There have been several advances in local and systemic mRNA delivery[1], especially to hepatocytes[2]. However, low dose mRNA delivery to other cell types within the liver microenvironment remains challenging. Using a high-throughput DNA barcode screen named JORDAN, we observed that in vitro nanoparticle delivery can be a poor predictor of in vivo delivery[3]. Since in vitro assays typically lack a complete immune system[4], variable blood flow[5], heterogeneous vasculature, off-target cells, and other factors that influence delivery in vivo[6], we reasoned that an ideal nanoparticle experiment would study LNPs directly in vivo. We therefore developed FIND[7] to quantify how over 100 LNPs deliver functional mRNA into the cytoplasm of target cells in a single mouse.
LNPs are formulated by mixing nucleic acids with ionizable lipids, PEG-lipids, phospholipids, and cholesterol. The diversity of available chemistries enables scientists to evaluate how LNP structure affects delivery. However, these studies are mostly performed in vitro[8, 9] and use LNPs formulated with unmodified cholesterol. Several lines of evidence led us to hypothesize that cholesterol chemical structure affected LNP mRNA delivery. First, cholesterol structure is modified via oxidation; this requires specific enzymes, demonstrating that cells regulate cholesterol structure[10]. Second, oxidized cholesterols signal differently than unmodified cholesterols, altering interactions with membrane and nuclear receptors that regulate gene expression[11]. Third, cholesterol is trafficked in lipoproteins using forward and reverse transport[12] and trafficking to endothelial cells, hepatocytes, and macrophages may change with cholesterol structure in vivo[13]. Fourth, LNPs and lipoproteins have similar size and composition. Finally, using JORDAN, we found that modified cholesterols alter LNP biodistribution[14], however this study measured LNP biodistribution; it did not measure functional mRNA delivery. Given that less than 4% of exogenously delivered RNA escapes endosomes[15] and endosomal escape changes with cell type[16], it is difficult to predict functional mRNA delivery using biodistribution.
To test the hypothesis that cholesterol structure affects LNP delivery of mRNA, we created a library of LNPs with nine cholesterol variants. We chose variants that were (i) produced naturally or synthetically and (ii) had oxidative modifications on sterol ring B, the hydrocarbon tail attached to sterol ring D, or both. We formulated LNPs to carry DNA barcodes and Cre mRNA[7], systemically injected them into Cre reporter mice, and analyzed the efficiency with which they delivered Cre mRNA in 28 cells types in vivo. We identified an LNP that delivers mRNA to Kupffer cells and hepatic endothelial cells five-fold more potently than to hepatocytes. Notably, the lead LNPs performed as predicted by the FIND screen, suggesting that FIND can rapidly identify LNPs for mRNA delivery.
Unmodified cholesterol is acted upon by enzymes to form variants that are side-chain or ring oxidized (Figure 1A). To investigate whether these modifications altered LNP targeting, we formulated 125 FIND LNPs using microfluidics (Figure 1B). To minimize variation from components other than cholesterol, LNPs were made of the ionizable lipid-like material cKK-E12[8], two well validated PEG-lipids, the phospholipid 1,2-Dioleoyl-sn-glycero-3-phosphoethanolamine (DOPE), and one of nine different cholesterol variants (Figure 1B).

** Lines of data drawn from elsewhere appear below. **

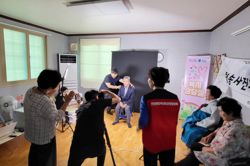 경북 청송군 진보면지역사회보장협의체(회장 윤도석)가 운영하는 '바뀌달린 복지상담실'이 추진하는 장수사진 촬영이 큰 호응을 얻고 있다.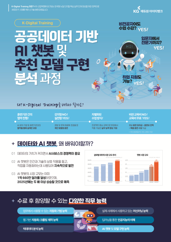 [채용연계형] 공공데이터 기반 AI 챗봇 및 추천 모델 구현 분석 과정 훈련생 모집 中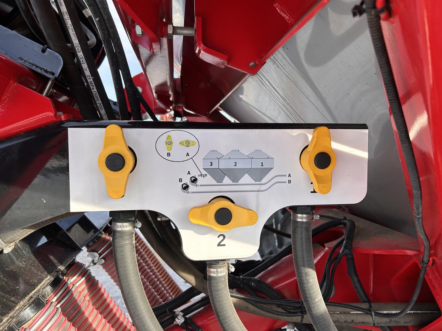 15 inch spacing, double shoot openers, seed monitor, blockage sensors, Raven monitors, Air Cart: 3 compartments, 10 inch loading auger, double fan, variable rate metering, sectional control, dual 620/70R42 rear tires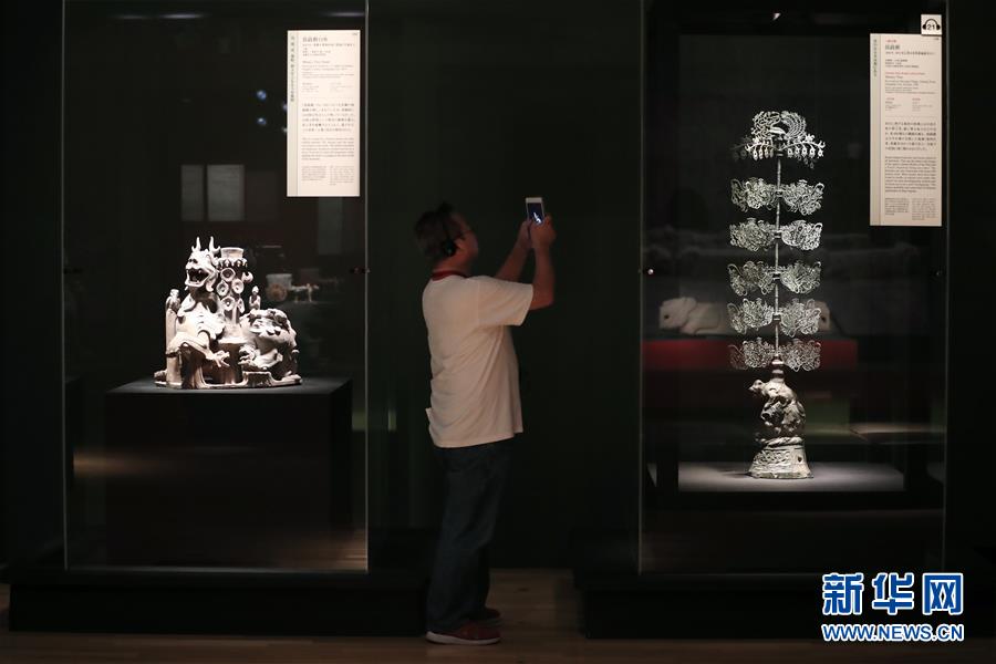 7月8日,在日本东京《三国志》展预展现场,一名观众欣赏展品“摇钱树”(右)。 中日双方共同主办的《三国志》展8日在东京国立博物馆举行开展仪式,以此纪念《中日文化交流协定》签署40周年。 新华社记者 杜潇逸 摄
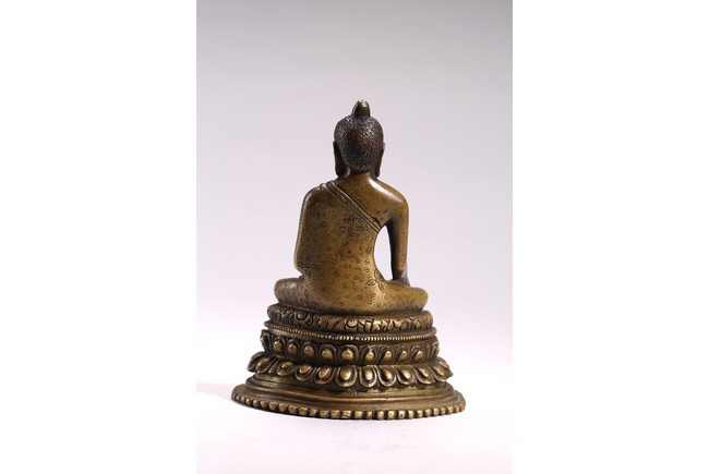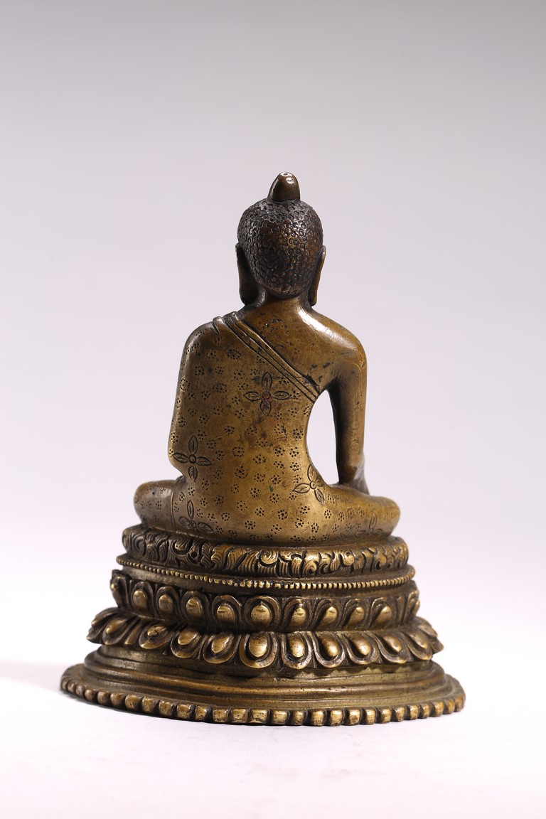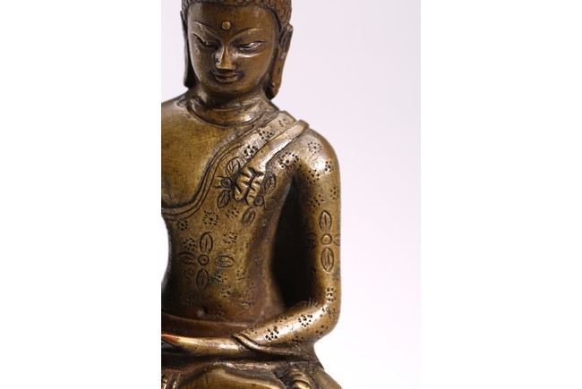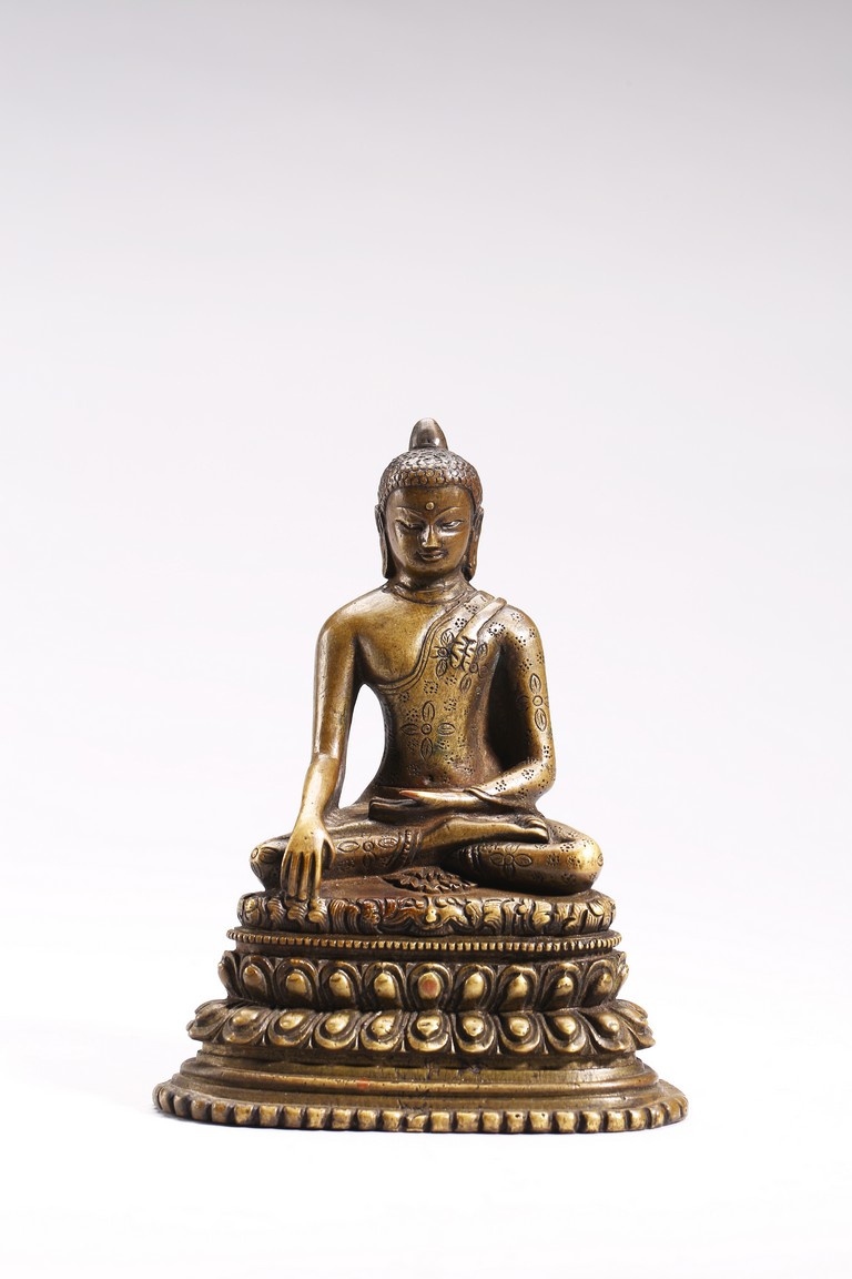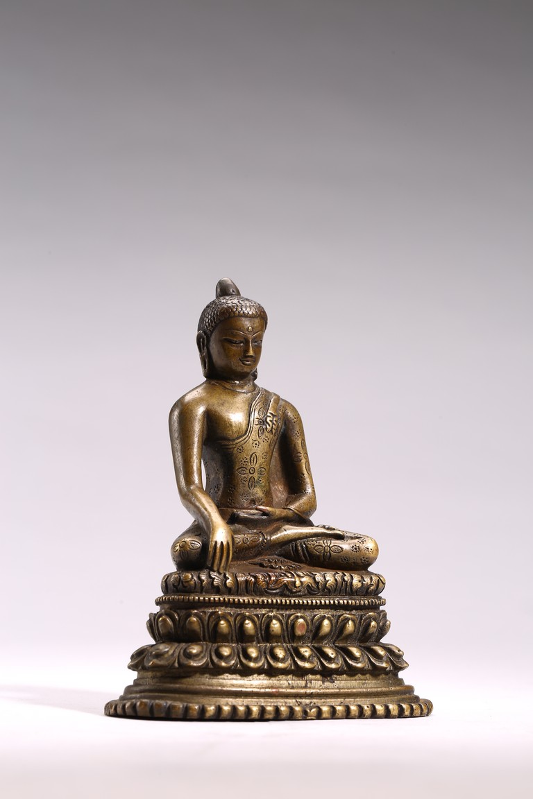 The deity seated in dhyanasana upon cushion atop double lotus throne with his left hand gently placed in bhumisparsa mudra and his right hand actively in dhyana mudra, his articulated features including heavily incised eyebrows and almond shaped eyes, with weighted elongated earlobes, in a relaxed smile, the hair arranged in tight curls with a stupa-shaped ushnisha. Ming Dynasty period.

We formed LNPs by mixing the contents together in a microfluidic device[17]. Each LNP carried a unique DNA barcode, which acted as a tag for that LNP, as well as Cre mRNA, which signals functional mRNA delivery (Figure 1C). Stable LNPs were pooled together (Figure 1D) and administered to Ai14 mice at a total nucleic acid dose of 1.0 mg / kg. Ai14 mice contain a Lox-Stop-Lox-tdTomato construct under the control of a CAG promoter; as a result, cells in Ai14 mice become tdTomato+ if: (1) Cre mRNA is delivered into the cytoplasm, (2) Cre mRNA is translated into Cre protein, (3) Cre protein translocates from the cytoplasm into the nucleus, and (4) Cre protein edits the genome by removing the ‘Stop’ between Lox sites. Therefore, by isolating tdTomato+ cell types using fluorescence-activated cell sorting (FACS) and using next generation sequencing (NGS) to quantify barcodes within them, FIND identifies LNPs located in cells where functional mRNA delivery occurred (Figure 1E). We quantified NGS sequencing data as ‘normalized delivery’, analogous to counts per million in RNA-seq[7] (Figure 1E).

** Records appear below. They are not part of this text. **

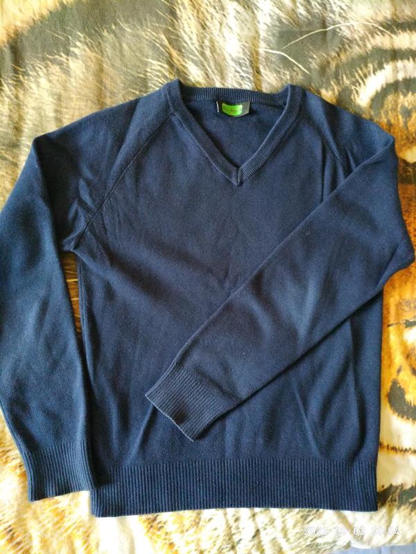 Приятная к телу натуральная ткань,с v-образной горловиной,темно-синий цвет,без затертостей. ПОГ-43 длина по спинке-53 рукав от горла-66
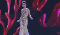 Phần catwalk với váy dạ hội của Diệu Ngân hôm 22/7. Ảnh: Hạ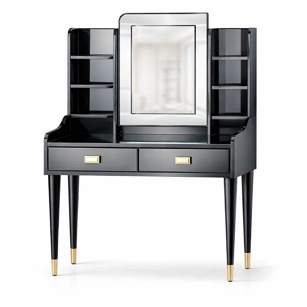 Coiffeuse en bois MDF noir avec miroir et étagères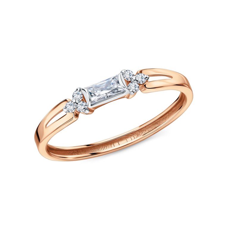 Кольцо, вставка: фианитом бесцветным;  фианитом бесцветным; Розовое золото 585 пробы.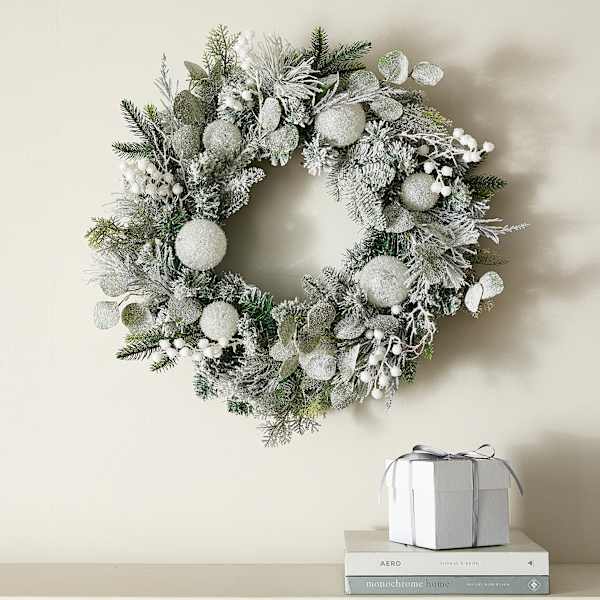 Tinsel Ball, Snow Berry, Eucalyptus & Pine Wreath, 24"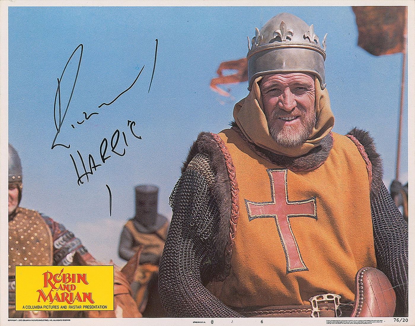 Color 14 x 11 lobby card for the 1976 film Robin and Marian starring Harris as King Richard, signed in black felt tip. In very good to fine condition, with a heavy crease to the lower right corner.

As a quality control, we analyzed the size of each individual LNP. LNPs were only pooled if their hydrodynamic diameter was between 20 and 215 nm and their autocorrelation curve contained one inflection point (SI Figure 1A,B). Eighty-six of the 125 LNPs we formulated met these criteria and were pooled. As a control, we compared the diameters of all 86 LNPs to the diameter of the pooled LNP solution, and found they were similar (Figure 2C). This suggests that the pooled LNPs did not aggregate after mixing; we have previously observed that pooled LNPs are stable[7]. We added a naked DNA barcode as a negative control[3] since naked DNA does not readily enter cells. After isolating cells and performing NGS, we found that - as expected - the naked DNA was delivered into cells less frequently than all the DNA barcodes delivered by LNPs (Figure 2D,E).Mice were sacrificed 72 hours after we injected the pooled LNPs[7]; this timepoint allows cells to express tdTomato after Cre mRNA delivery (Figure 2A). We isolated the liver, spleen, heart, kidney, pancreas, lung, and bone marrow. Using fluorescence activated cell sorting (FACS), we then isolated 28 different tdTomato+ cell types (Figure 2A). Comparing the percentage of tdTomato+ cell types in different organs, cells in the liver tended to be targeted more than cells in other organs (Figure 2B). The organ with the second-highest percentage of tdTomato+ cells was the spleen; the remaining five organs had negligible delivery (SI Figure 1C). We then clustered the barcode sequencing data using an unbiased Euclidean algorithm. This bioinformatics technique is regularly applied to gene expression data[18] and can analyze nanoparticle barcoding data[7]. Euclidean clustering revealed that the 4 liver cell types tended to ‘cluster’ together more closely than they did to splenic cell types (Figure 2F).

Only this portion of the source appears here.